• _DIRECTIONS FOR THIS TASK_: Repeat all the lines below exactly, but omit the pictures.

Source data:

- - - - -

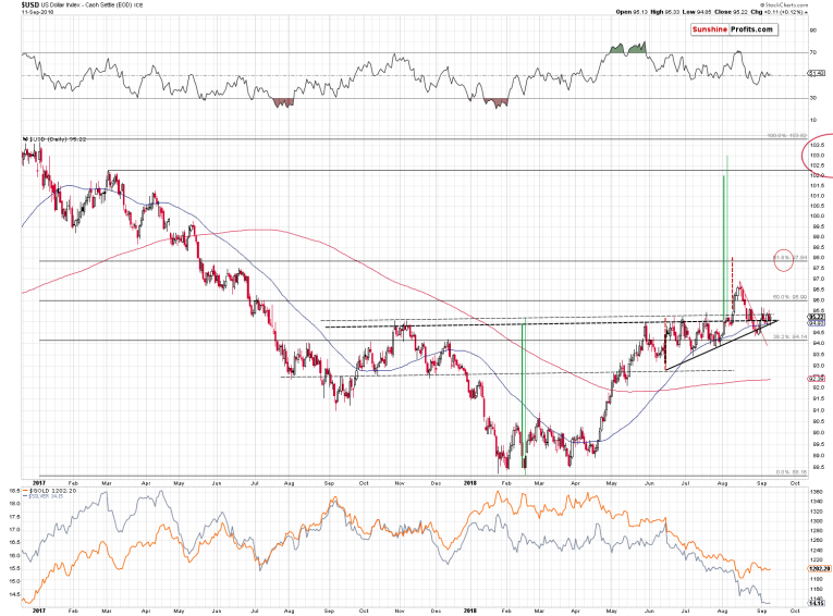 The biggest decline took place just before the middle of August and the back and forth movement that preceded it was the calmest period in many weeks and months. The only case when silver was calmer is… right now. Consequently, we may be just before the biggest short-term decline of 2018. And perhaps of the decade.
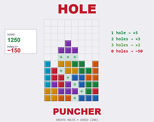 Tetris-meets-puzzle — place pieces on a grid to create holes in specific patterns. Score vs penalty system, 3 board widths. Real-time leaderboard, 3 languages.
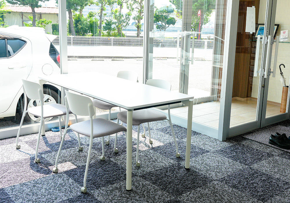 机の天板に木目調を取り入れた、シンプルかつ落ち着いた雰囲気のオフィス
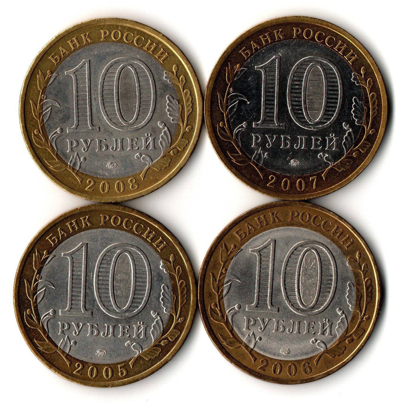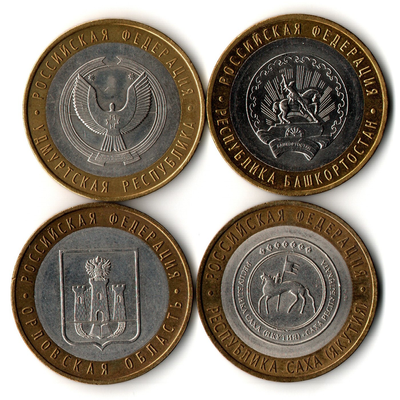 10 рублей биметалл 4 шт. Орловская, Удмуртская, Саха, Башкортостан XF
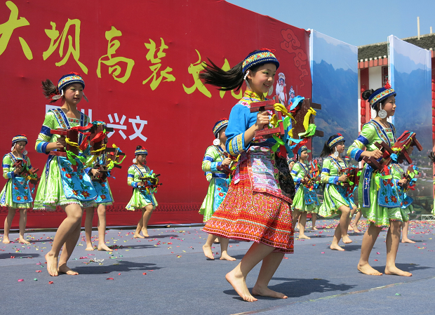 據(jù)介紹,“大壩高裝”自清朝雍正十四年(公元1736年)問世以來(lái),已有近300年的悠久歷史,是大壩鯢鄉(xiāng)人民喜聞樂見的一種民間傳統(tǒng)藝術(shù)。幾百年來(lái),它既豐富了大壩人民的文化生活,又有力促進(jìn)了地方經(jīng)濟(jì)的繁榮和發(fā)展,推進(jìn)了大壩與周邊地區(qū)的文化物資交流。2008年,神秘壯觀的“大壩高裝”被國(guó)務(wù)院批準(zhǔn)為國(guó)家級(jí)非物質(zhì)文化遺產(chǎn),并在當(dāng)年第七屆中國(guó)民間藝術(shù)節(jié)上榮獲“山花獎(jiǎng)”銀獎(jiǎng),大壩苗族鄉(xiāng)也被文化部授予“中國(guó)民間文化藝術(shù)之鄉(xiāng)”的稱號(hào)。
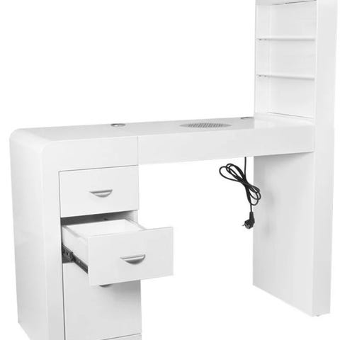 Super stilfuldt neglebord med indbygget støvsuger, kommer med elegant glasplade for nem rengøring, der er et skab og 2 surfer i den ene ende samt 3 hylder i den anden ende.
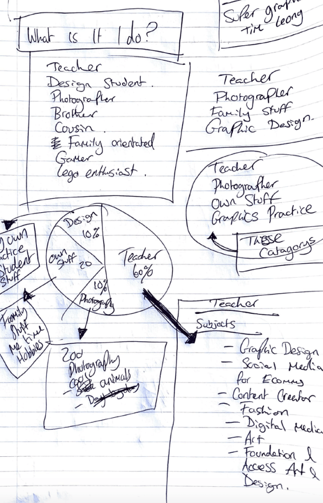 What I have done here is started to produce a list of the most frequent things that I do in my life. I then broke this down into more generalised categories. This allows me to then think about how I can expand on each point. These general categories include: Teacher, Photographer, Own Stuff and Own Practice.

- - - - -

• _EXPECTED ANSWER_:
 The biggest decline took place just before the middle of August and the back and forth movement that preceded it was the calmest period in many weeks and months. The only case when silver was calmer is… right now. Consequently, we may be just before the biggest short-term decline of 2018. And perhaps of the decade.
 Tetris-meets-puzzle — place pieces on a grid to create holes in specific patterns. Score vs penalty system, 3 board widths. Real-time leaderboard, 3 languages.
 机の天板に木目調を取り入れた、シンプルかつ落ち着いた雰囲気のオフィス
 10 рублей биметалл 4 шт. Орловская, Удмуртская, Саха, Башкортостан XF
 據(jù)介紹,“大壩高裝”自清朝雍正十四年(公元1736年)問世以來(lái),已有近300年的悠久歷史,是大壩鯢鄉(xiāng)人民喜聞樂見的一種民間傳統(tǒng)藝術(shù)。幾百年來(lái),它既豐富了大壩人民的文化生活,又有力促進(jìn)了地方經(jīng)濟(jì)的繁榮和發(fā)展,推進(jìn)了大壩與周邊地區(qū)的文化物資交流。2008年,神秘壯觀的“大壩高裝”被國(guó)務(wù)院批準(zhǔn)為國(guó)家級(jí)非物質(zhì)文化遺產(chǎn),并在當(dāng)年第七屆中國(guó)民間藝術(shù)節(jié)上榮獲“山花獎(jiǎng)”銀獎(jiǎng),大壩苗族鄉(xiāng)也被文化部授予“中國(guó)民間文化藝術(shù)之鄉(xiāng)”的稱號(hào)。
 Super stilfuldt neglebord med indbygget støvsuger, kommer med elegant glasplade for nem rengøring, der er et skab og 2 surfer i den ene ende samt 3 hylder i den anden ende.
 What I have done here is started to produce a list of the most frequent things that I do in my life. I then broke this down into more generalised categories. This allows me to then think about how I can expand on each point. These general categories include: Teacher, Photographer, Own Stuff and Own Practice.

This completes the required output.